Problem to solve: From the line containing "Yksinkertainen pitkähihainen mekko" to the line containing "KBS, EBS, YTN에" in the records below, set down every line exactly as it stands, both ends included, and skip the pictures.

Data extract:

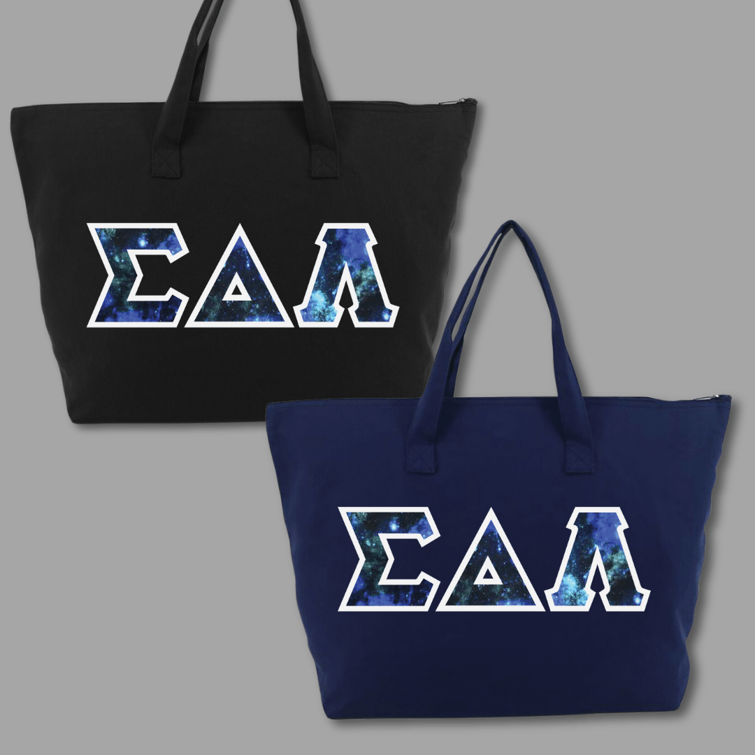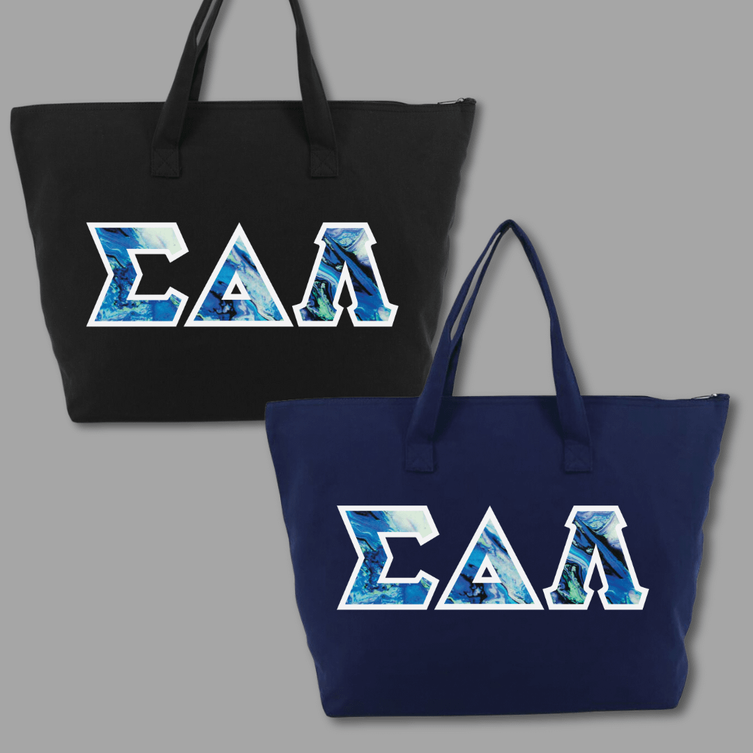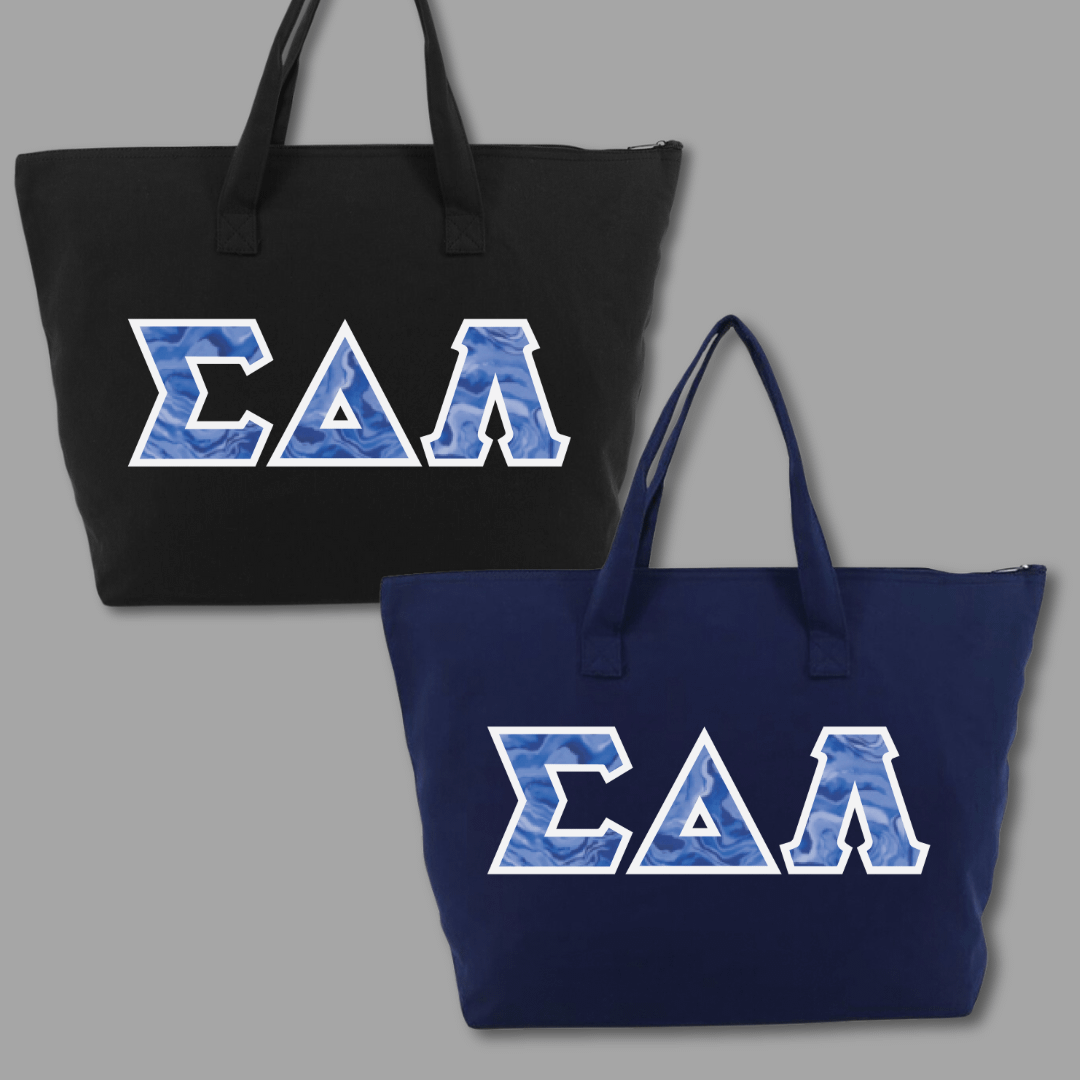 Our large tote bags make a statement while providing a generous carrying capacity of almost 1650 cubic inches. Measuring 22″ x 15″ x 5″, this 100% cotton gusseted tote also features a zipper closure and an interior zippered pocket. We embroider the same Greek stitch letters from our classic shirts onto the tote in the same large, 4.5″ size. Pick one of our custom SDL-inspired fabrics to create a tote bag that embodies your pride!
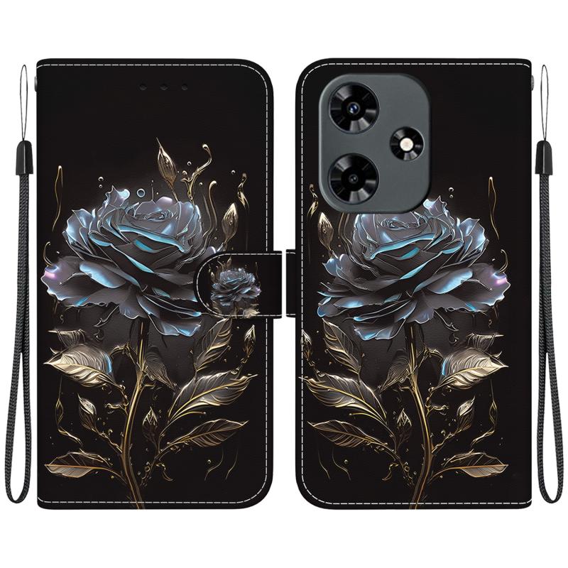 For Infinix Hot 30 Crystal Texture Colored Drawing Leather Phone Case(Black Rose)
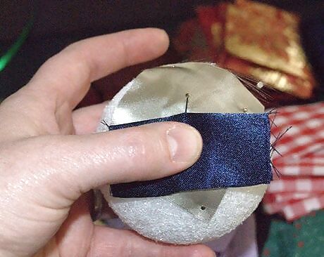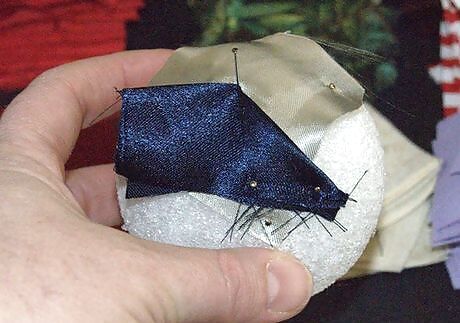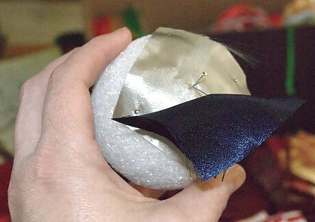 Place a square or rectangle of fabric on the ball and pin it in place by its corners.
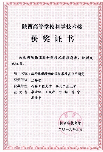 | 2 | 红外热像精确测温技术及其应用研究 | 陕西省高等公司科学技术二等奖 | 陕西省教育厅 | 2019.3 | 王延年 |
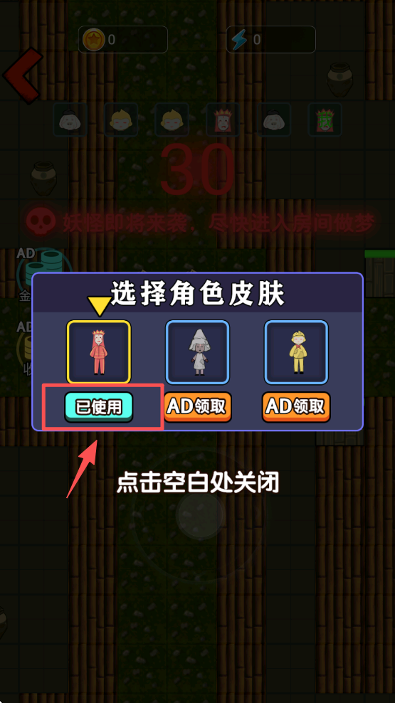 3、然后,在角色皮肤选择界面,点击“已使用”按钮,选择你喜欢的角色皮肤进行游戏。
...
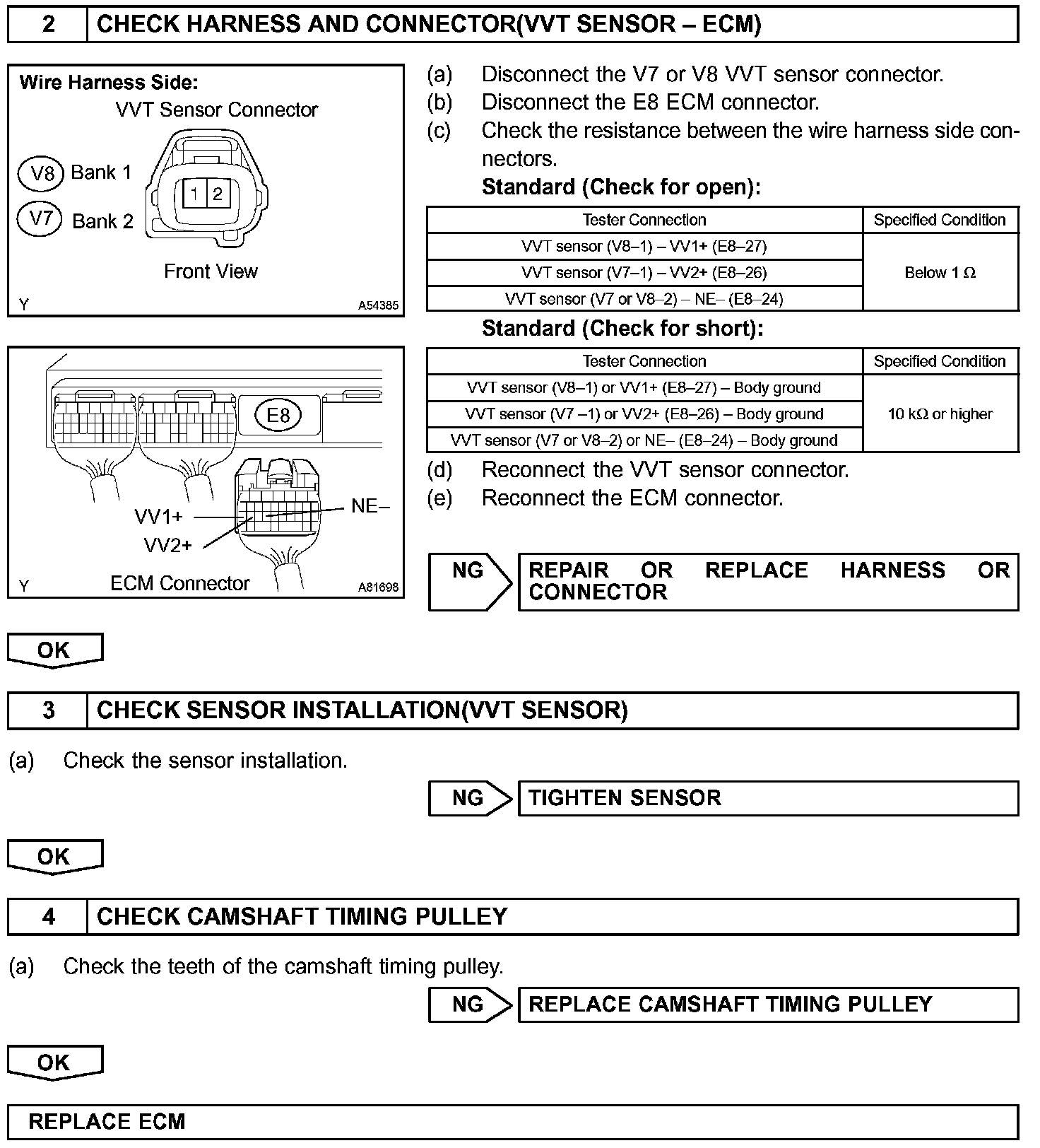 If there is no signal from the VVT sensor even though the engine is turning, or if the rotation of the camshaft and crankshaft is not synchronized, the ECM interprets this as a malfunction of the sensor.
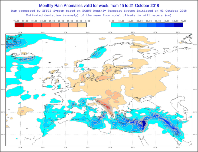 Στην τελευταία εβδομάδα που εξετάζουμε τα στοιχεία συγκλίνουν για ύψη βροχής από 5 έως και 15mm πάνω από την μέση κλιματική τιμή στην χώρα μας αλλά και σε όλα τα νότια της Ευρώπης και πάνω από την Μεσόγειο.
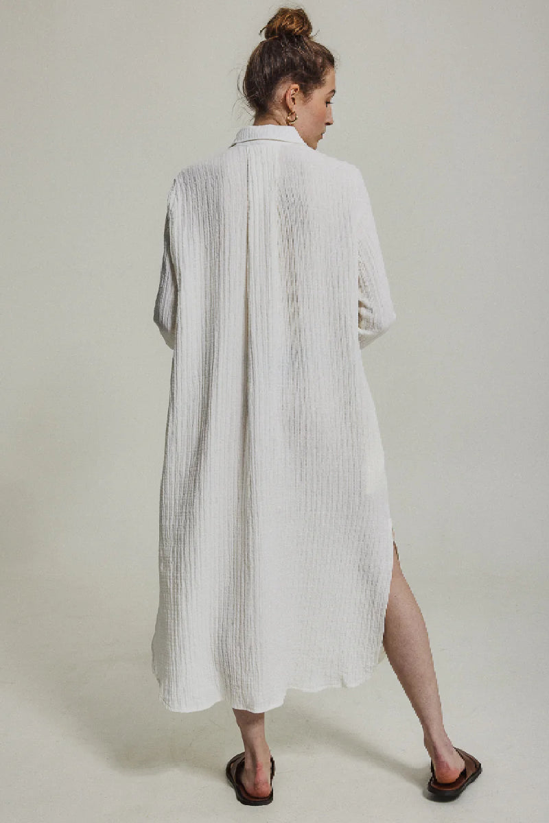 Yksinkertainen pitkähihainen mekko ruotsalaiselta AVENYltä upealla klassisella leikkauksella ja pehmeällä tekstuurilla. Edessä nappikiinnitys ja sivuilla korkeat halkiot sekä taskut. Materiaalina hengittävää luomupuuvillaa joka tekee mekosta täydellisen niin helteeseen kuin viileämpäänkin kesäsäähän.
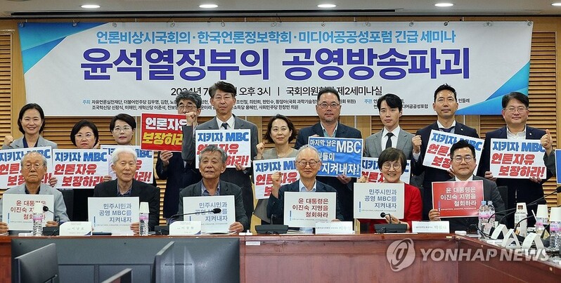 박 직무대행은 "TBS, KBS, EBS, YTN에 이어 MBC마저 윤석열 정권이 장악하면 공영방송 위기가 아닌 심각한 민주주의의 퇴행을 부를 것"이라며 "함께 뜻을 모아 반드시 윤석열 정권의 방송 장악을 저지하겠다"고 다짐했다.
==
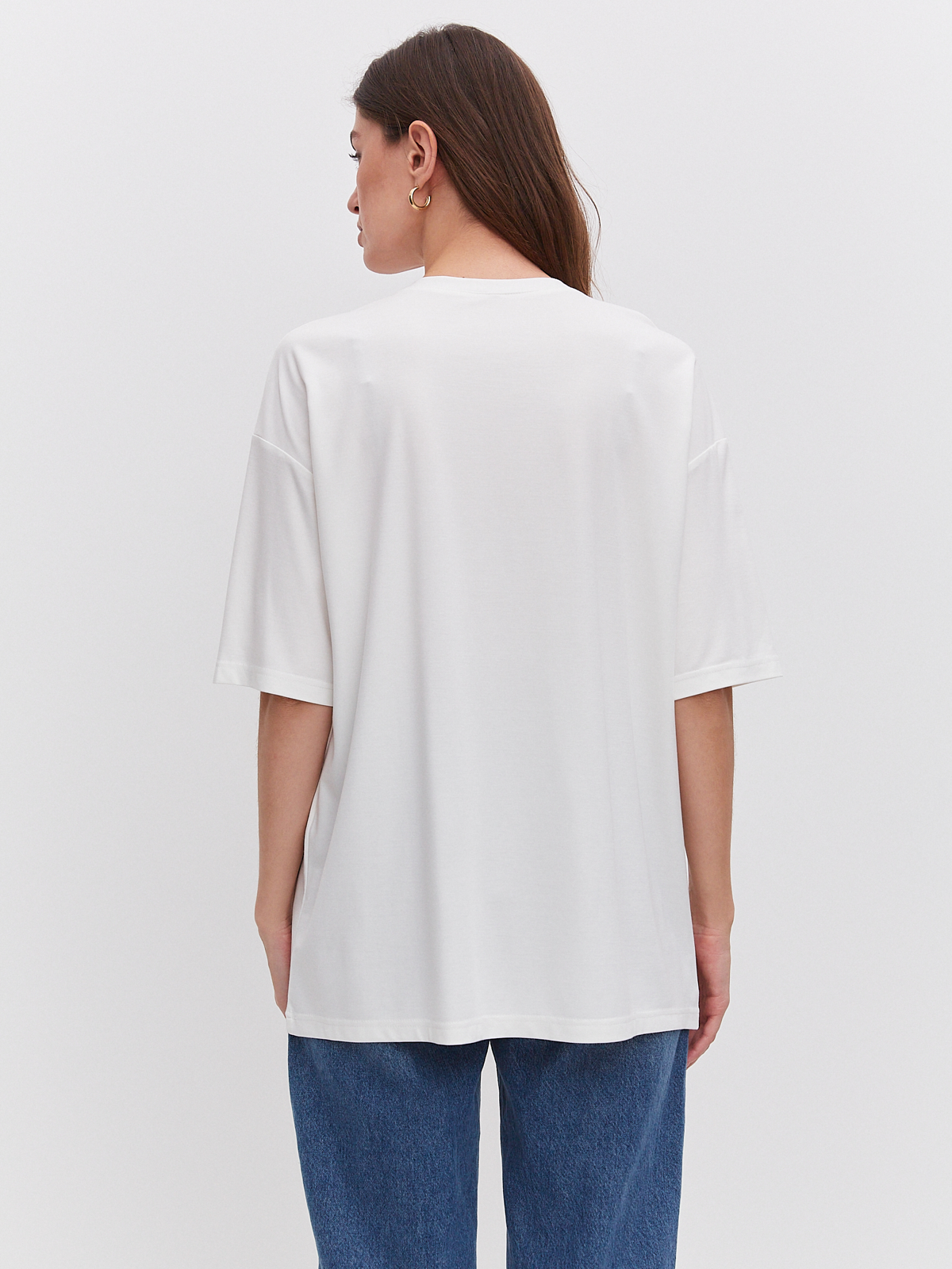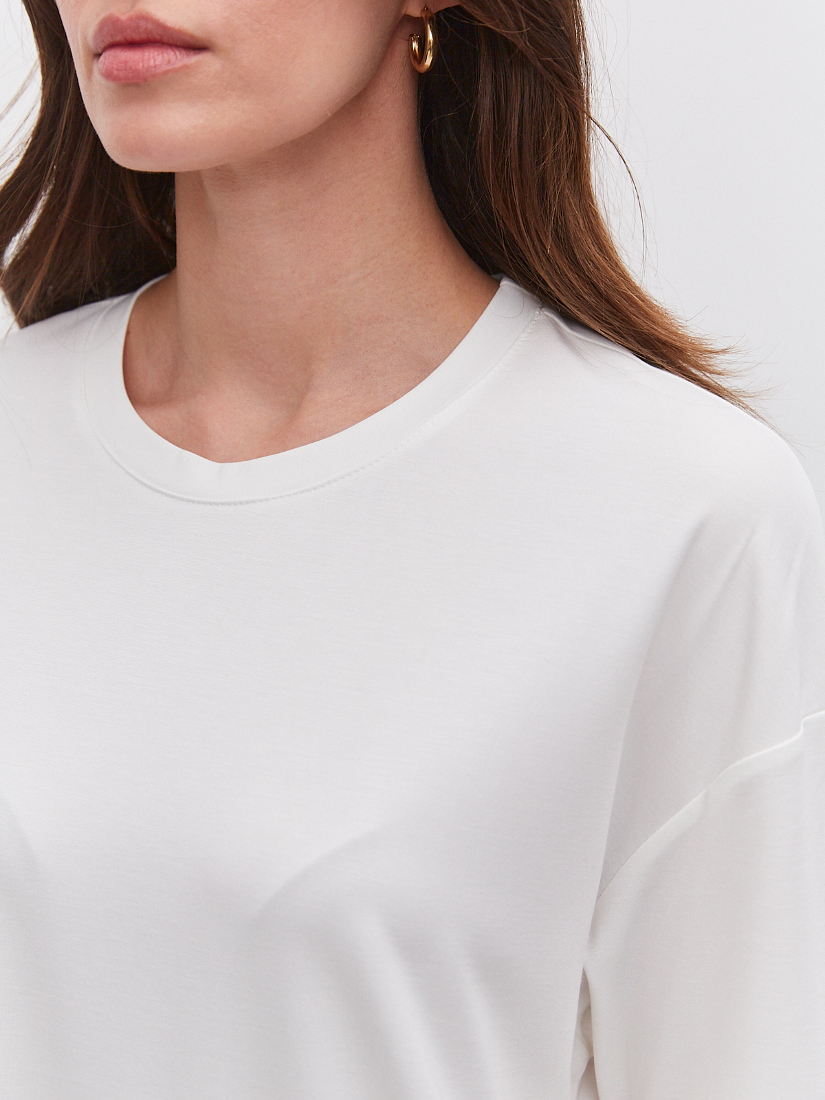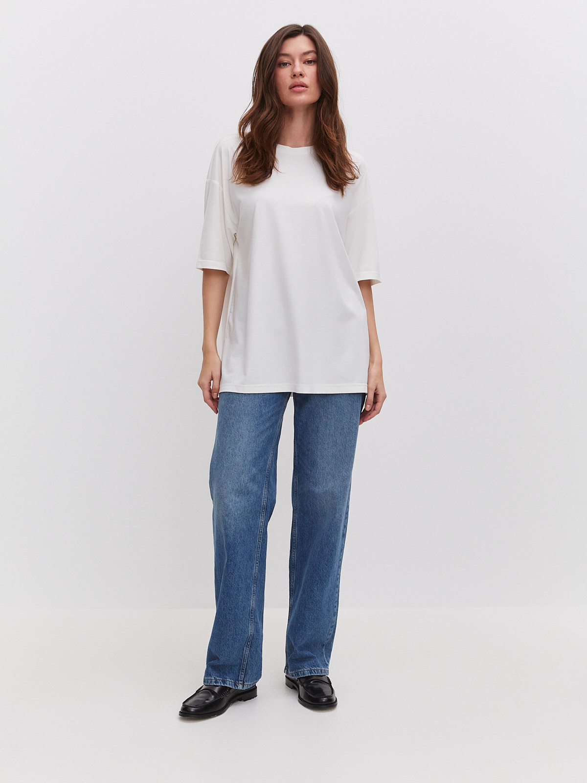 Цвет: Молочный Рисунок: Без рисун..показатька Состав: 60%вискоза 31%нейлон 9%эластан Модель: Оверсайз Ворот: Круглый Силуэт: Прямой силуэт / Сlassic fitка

Answer to this problem:
 Yksinkertainen pitkähihainen mekko ruotsalaiselta AVENYltä upealla klassisella leikkauksella ja pehmeällä tekstuurilla. Edessä nappikiinnitys ja sivuilla korkeat halkiot sekä taskut. Materiaalina hengittävää luomupuuvillaa joka tekee mekosta täydellisen niin helteeseen kuin viileämpäänkin kesäsäähän.
 박 직무대행은 "TBS, KBS, EBS, YTN에 이어 MBC마저 윤석열 정권이 장악하면 공영방송 위기가 아닌 심각한 민주주의의 퇴행을 부를 것"이라며 "함께 뜻을 모아 반드시 윤석열 정권의 방송 장악을 저지하겠다"고 다짐했다.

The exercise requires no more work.